What to do: Copy out exactly the lines spanning the line with "Alojamiento nuevo totalmente" to the line with "The nightgown features", inclusive, from the data underneath, with no pictures.

Working data:
--- START ---
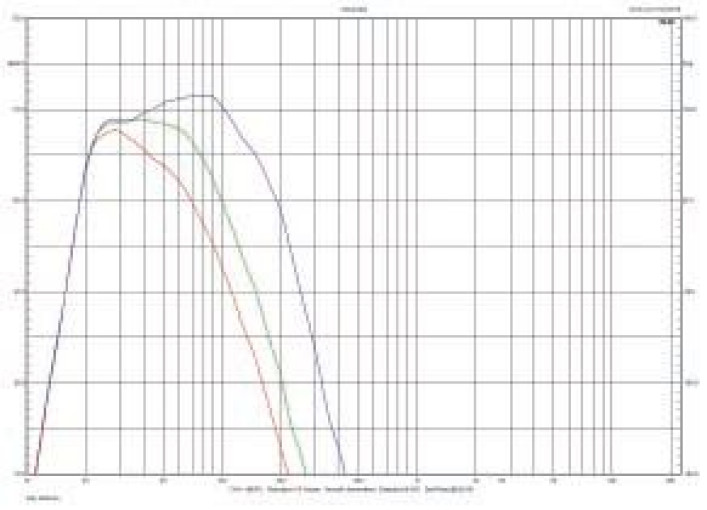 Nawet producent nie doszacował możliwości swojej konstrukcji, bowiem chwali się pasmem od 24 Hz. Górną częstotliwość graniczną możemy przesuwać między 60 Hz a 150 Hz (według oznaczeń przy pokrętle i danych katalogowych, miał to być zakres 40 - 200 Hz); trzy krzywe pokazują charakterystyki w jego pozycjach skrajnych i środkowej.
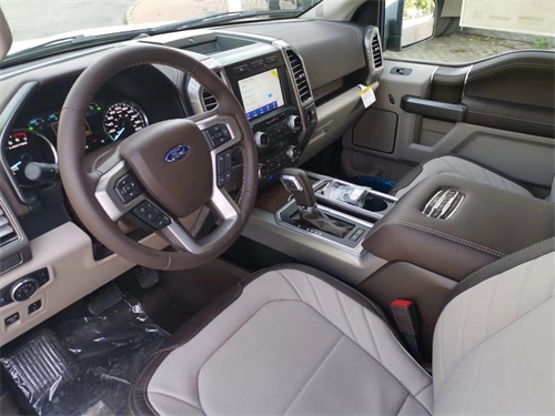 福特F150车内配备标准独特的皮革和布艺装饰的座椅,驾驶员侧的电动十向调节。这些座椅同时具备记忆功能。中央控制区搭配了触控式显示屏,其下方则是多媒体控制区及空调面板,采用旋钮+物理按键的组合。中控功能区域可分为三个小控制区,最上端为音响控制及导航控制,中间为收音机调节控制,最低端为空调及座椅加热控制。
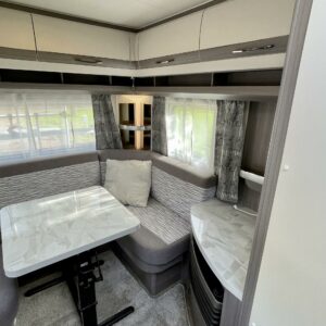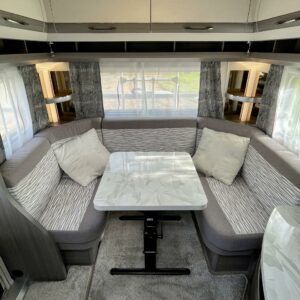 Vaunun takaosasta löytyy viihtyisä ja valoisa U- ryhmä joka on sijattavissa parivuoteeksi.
--- END ---
--- START ---
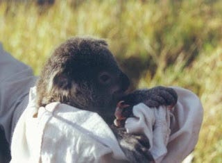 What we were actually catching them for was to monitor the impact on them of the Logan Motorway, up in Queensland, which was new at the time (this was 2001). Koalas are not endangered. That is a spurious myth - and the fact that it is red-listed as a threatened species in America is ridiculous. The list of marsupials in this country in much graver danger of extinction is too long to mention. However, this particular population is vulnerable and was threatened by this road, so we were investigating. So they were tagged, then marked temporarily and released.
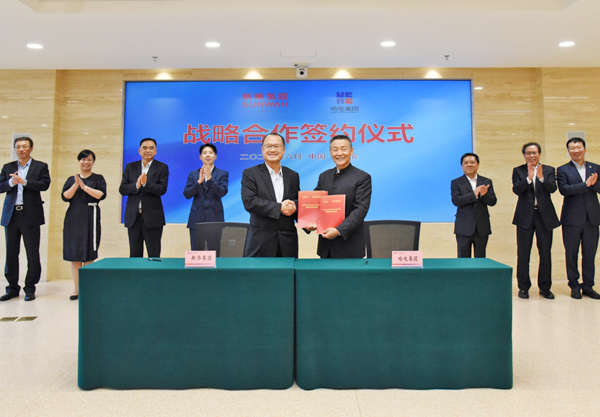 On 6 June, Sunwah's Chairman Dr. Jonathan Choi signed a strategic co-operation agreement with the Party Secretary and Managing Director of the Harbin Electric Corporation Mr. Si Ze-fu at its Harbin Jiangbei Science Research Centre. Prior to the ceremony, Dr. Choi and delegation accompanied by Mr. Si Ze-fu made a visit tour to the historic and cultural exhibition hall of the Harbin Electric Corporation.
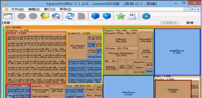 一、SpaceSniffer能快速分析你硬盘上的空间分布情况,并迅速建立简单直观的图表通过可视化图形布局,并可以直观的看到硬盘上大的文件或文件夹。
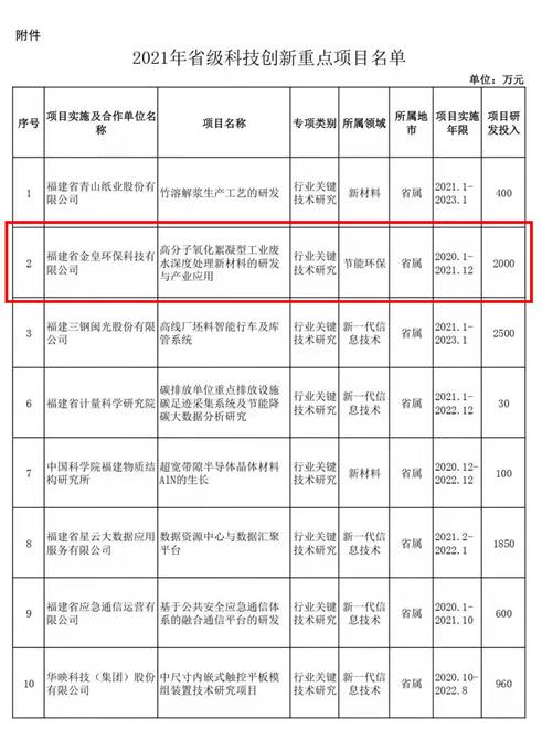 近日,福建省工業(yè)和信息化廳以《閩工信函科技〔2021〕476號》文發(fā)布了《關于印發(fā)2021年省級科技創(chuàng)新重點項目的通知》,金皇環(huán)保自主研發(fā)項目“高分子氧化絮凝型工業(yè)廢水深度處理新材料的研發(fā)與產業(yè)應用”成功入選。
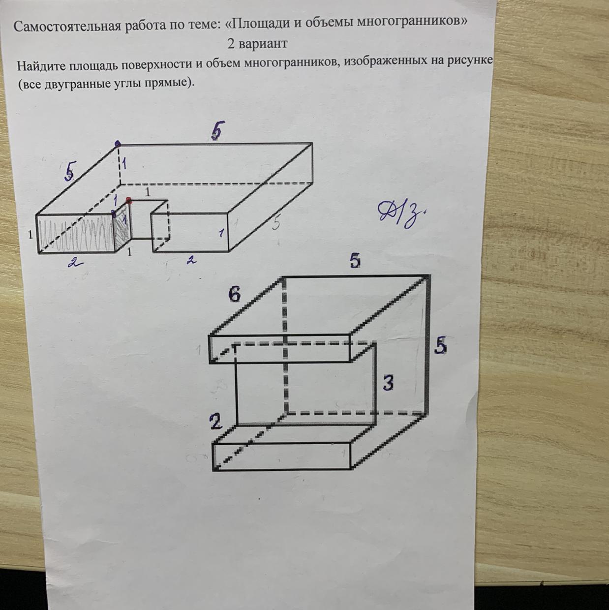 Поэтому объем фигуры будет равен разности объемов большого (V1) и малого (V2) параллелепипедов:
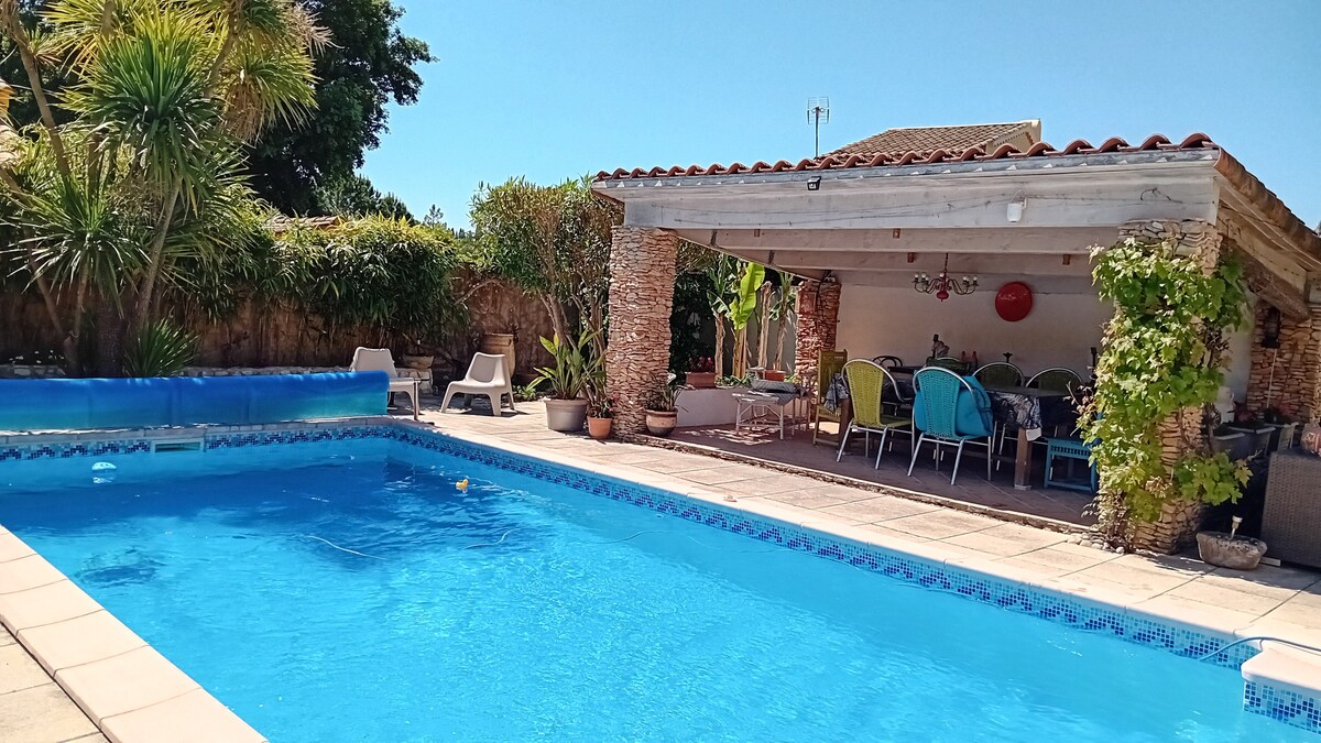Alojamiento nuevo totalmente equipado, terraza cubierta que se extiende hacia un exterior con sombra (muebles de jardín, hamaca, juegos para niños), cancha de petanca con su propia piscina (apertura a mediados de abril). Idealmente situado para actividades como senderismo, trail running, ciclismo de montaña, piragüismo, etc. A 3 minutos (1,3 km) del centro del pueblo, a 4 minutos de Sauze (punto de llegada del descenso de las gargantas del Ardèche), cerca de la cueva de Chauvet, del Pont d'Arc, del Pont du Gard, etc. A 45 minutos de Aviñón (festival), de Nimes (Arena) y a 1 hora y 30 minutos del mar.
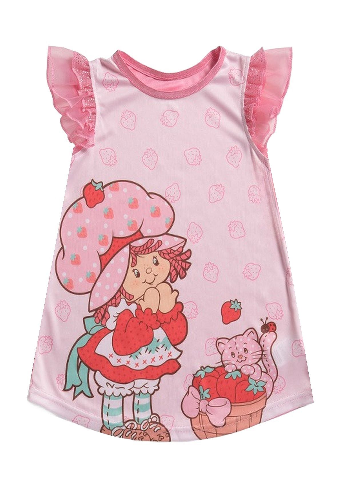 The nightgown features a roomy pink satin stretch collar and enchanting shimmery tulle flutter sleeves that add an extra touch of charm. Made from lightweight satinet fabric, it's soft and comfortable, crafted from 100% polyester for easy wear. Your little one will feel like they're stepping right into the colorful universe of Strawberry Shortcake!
--- END ---
Solution:
Alojamiento nuevo totalmente equipado, terraza cubierta que se extiende hacia un exterior con sombra (muebles de jardín, hamaca, juegos para niños), cancha de petanca con su propia piscina (apertura a mediados de abril). Idealmente situado para actividades como senderismo, trail running, ciclismo de montaña, piragüismo, etc. A 3 minutos (1,3 km) del centro del pueblo, a 4 minutos de Sauze (punto de llegada del descenso de las gargantas del Ardèche), cerca de la cueva de Chauvet, del Pont d'Arc, del Pont du Gard, etc. A 45 minutos de Aviñón (festival), de Nimes (Arena) y a 1 hora y 30 minutos del mar.
 The nightgown features a roomy pink satin stretch collar and enchanting shimmery tulle flutter sleeves that add an extra touch of charm. Made from lightweight satinet fabric, it's soft and comfortable, crafted from 100% polyester for easy wear. Your little one will feel like they're stepping right into the colorful universe of Strawberry Shortcake!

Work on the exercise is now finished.